• _WHAT NEEDS TO BE DONE_: Starting with the line in which "注意購買這個版本的現成樂譜,只有右手主旋" appears, give back every line exactly as written until the listing ends, excluding pictures.

—————

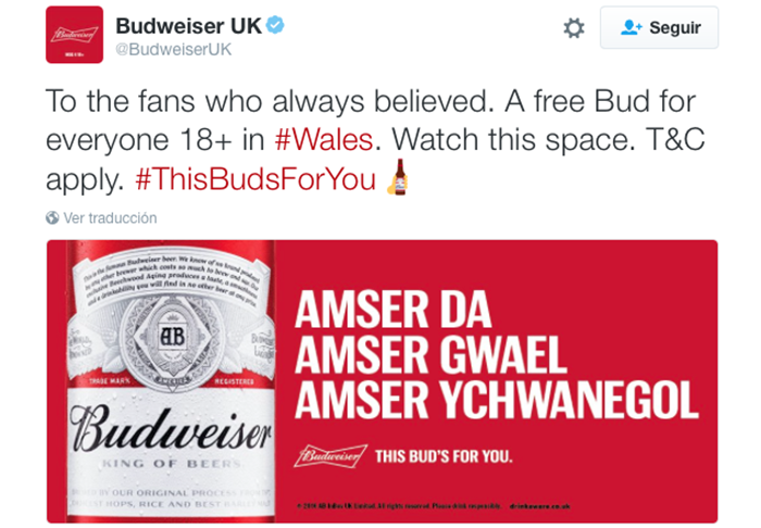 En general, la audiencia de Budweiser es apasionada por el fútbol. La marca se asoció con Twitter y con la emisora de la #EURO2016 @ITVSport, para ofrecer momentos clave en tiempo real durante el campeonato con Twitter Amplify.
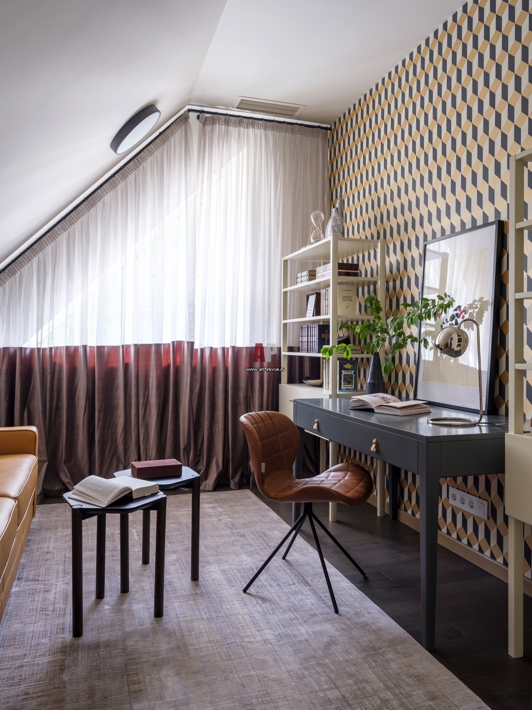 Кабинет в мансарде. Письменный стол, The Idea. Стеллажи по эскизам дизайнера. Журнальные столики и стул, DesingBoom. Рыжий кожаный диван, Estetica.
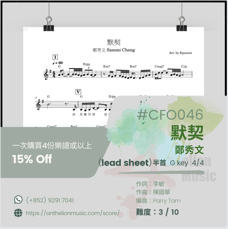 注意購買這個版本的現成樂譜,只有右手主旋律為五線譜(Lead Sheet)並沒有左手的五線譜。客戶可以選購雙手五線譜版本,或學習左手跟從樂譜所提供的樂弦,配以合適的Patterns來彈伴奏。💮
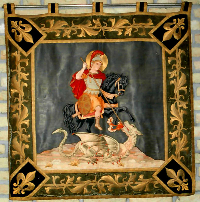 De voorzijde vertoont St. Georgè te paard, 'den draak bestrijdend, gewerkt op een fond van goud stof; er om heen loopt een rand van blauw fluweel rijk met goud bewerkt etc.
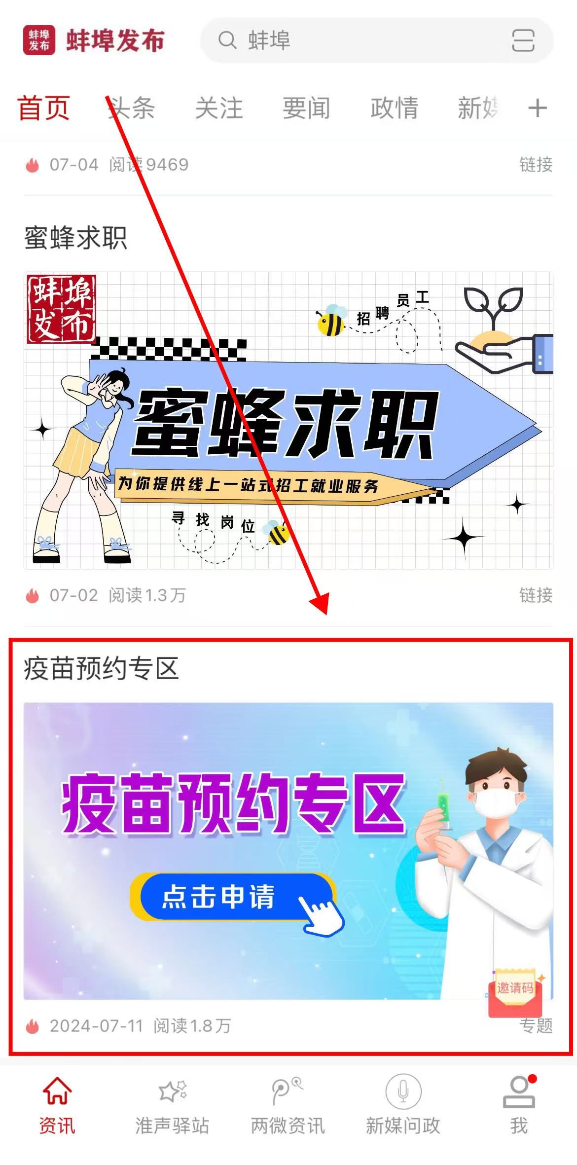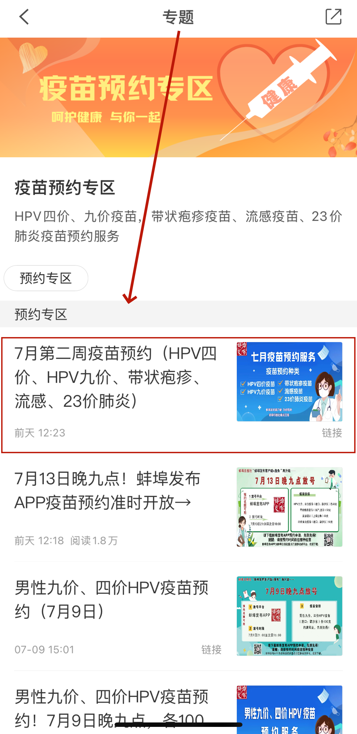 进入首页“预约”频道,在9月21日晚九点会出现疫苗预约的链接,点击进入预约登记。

—————

• _TASK OUTPUT_:
 注意購買這個版本的現成樂譜,只有右手主旋律為五線譜(Lead Sheet)並沒有左手的五線譜。客戶可以選購雙手五線譜版本,或學習左手跟從樂譜所提供的樂弦,配以合適的Patterns來彈伴奏。💮
 De voorzijde vertoont St. Georgè te paard, 'den draak bestrijdend, gewerkt op een fond van goud stof; er om heen loopt een rand van blauw fluweel rijk met goud bewerkt etc.
 进入首页“预约”频道,在9月21日晚九点会出现疫苗预约的链接,点击进入预约登记。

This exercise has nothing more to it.